The Suicide of Reason, by Lee Harris, is the most frightening book I’ve read this year.  Not because its language or rhetoric are scary—the book is actually a very scholarly academic treatise.  Rather, because its conclusions are so troublesome and so hard to refute.

Harris claims that most people have behaved throughout history like tribal actors, not rational actors.  They have banded together for self-preservation against their enemies, of necessity obeying the “law of the jungle.”  Rational actors, by contrast, avoid violence, are willing to compromise, and tolerate other tribes and their traditions—values that are seen as weak and cowardly by tribal actors.

In the West’s battle with radical Islam, we are the rational actors while they are the tribal.  As is historically the case in such clashes, the tribal actors are winning.

According to Harris, we have attempted three strategies, all of which are failing.  First, we introduced Western-style democracy in Iraq and Afghanistan.  However, political corruption and radical Muslims’ opposition make the future in these nations very problematic.

Second
, we have tried to assimilate Muslim immigrants in the West, but most resist such efforts and insist on Shariah-based lending laws, dietary restrictions, and other cultural accommodations.  (The BBC is broadcasting the call to prayer in London across this year’s Ramadan.)

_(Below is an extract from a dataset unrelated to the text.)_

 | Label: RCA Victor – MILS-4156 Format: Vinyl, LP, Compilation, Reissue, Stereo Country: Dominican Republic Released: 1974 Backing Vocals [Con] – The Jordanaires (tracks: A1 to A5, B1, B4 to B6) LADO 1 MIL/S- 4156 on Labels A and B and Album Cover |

Third, we have tried to “seduce” Muslims with Western prosperity and culture, but jihadists reject both and shame their people for considering them.  Even the 9/11 bombers, with their well-known proclivities for pornography and alcohol, chose to die in order to attack the culture that supplied such temptations.

Making matters worse, the West has assumed that the triumph of democracy would continue across the world and prevail in the battle with radical Islam.  In Harris’s view, this is a misguided and naïve assumption.

He believes that American democracy resulted from three singular circumstances: we faced no enemies in this New World, carried no burden to reproduce Old World society, and were imbued with a Protestant work ethic which exalted the individual and his right to determine his own beliefs and future.  As a result, we were afforded the luxury of Reason rather than the necessity of Tribalism.  But in places where enemies, history, and creedalism conspire against individualism, we should not expect democracy to win the day so easily.

Now our culture is losing its commitment to the very values that made its democracy possible.  Multiculturalism teaches our children that all cultures are equally valuable and depreciates the commitment to faith, family, and virtue which once formed the heart of American society.

Here Harris quotes Livy (59 B.C.-17 A.D), who explained the goal of his now-famous history of Rome: “to trace the progress of our moral decline, to watch, first, the sinking of the foundations of morality as the old teaching was allowed to lapse, then the rapidly increasing disintegration, then the final collapse of the whole edifice, and the dark dawning of our modern day when we can neither endure our vices or face the remedies needed to cure them.”

Harris concludes: “What is required is an immense social transformation of the kind that swept over Europe with the Protestant Reformation, the rise of the middle class, and the coming of the Enlightenment.”

In other words, what is required is a spiritual awakening before it’s too late.